Continuing our series for “Designing Data-Intensive Applications” book. In this article, we will walkthrough the second chapter of this book Chapter.3 Storage and Retrieval.

Table of content

• Data Structures That Power Your Database

• Log Structured Storage (Hash Index)

  • The issues of this index and how to solve them
  • The Props of Log structured hash index
  • The limitations of Log structured hash index
• SSTable (Stored String Tables)

• B-Tree

  • B-Tree Reliability
• B-Tree vs SSTable

• Other Indexes

  • Secondary Index
  • Clustered Index
  • Multi Column Index
  • Full-Text Search and Fuzzy Index
  • Storing Data In-Memory
  • Online Transaction Processing (OLTP) vs Analytics Processing (OLAP)
  • Database Warehouse
  • Stars and Snowflakes: Schemas for Analytics
  • Column Storage
  • The benefits of Columnar storage

Data Structures That Power Your Database

Imagine having the world’s simplest database at your disposal, implemented using just two Bash functions. This minimalist yet functional database allows you to store and retrieve key-value pairs effortlessly. Here’s the code snippet that brings this database to life:

#!/bin/bash
db_set () {
    echo "$1,$2" >> database
}
db_get () {
    grep "^$1," database | sed -e "s/^$1,//" | tail -n 1
}

This two functions: Append only writes and For lookups read O(n)

An index is an additional structure that is derived from the primary data (metadata)

Log Structured Storage (Hash Index)

Whenever you append a new key-value pair to the file, you also update the hash map to reflect the offset of the data you just wrote

Append only Data structure. The log file is sequentially written, which allows for fast write operations since it avoids random disk seeks.

What if the disk is full or out of space? we will group the logs into segments with size

New records are appended to a segment of certain size which is being merged and compacted by a background thread.

While it is going on, we continue read and write using the old segment files until the merging process is complete, we switch read requests to using the new merged segment instead of the old segments and finally the old segments are deleted.

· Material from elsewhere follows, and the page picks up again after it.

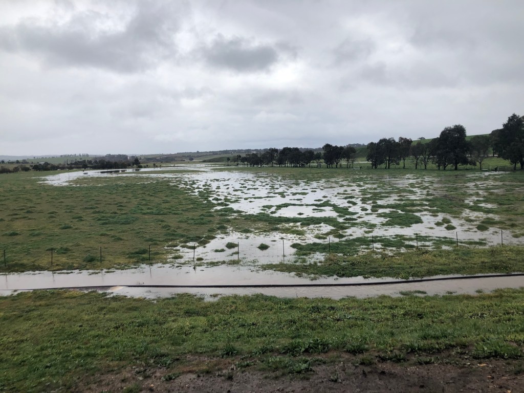 This photo is taken on the same post as the photos above…. a massive transformation. The water from the dam overflows down a channel into a creek. Even that overflow drain couldn’t cope, and our flat was covered with standing water. Just stunning. Especially when you compare it to the scenes we were facing in summer a few short months ago: https://rockfarming.com/2020/02/03/weaning-and-a-rough-plan-for-the-cattle/

The issues of this index and how to solve them

• File format: CSV is not the best format for a log, It’s faster and simpler to use a binary format
• Deleting records: Use special deletion record called tombstone, just mark this data with deleted flag and the merging process to discard it.
• Crash recovery: If the database is restarted, the in-memory hash maps are lost, so we save a snapshot of each segment’s hash map on disk.
• Concurrency control: Use one thread for writing and multiple threads for reading
• Partially written records: to prevent corrupted data, we add checksum

The Props of Log structured hash index

• Sequential write operations is faster than than random writes
• Concurrency and crash recovery are much simpler, the system can replay the log file to restore the database to a consistent state.
• No data fragmentation (meaning the data is stored distributed on the hard disk)

The limitations of Log structured hash index

• The hash table must fit in memory (for fast read/writes), so you have a space issue
• Range queries are not efficient

SSTable (Stored String Tables)

To Fix the memory space issue, we will use this SSTable

This work by sorting the keys, which will make the keys unique after merge process

• Each key will appear once in the segment
• Each segment will be sorted by key
• Keep separate hashtable for each segment

• Merge each segments into one segment like the following

  • you start reading the input files side by side, look at the first key in each file, copy the lowest key (sorted) to new merged segment and repeat.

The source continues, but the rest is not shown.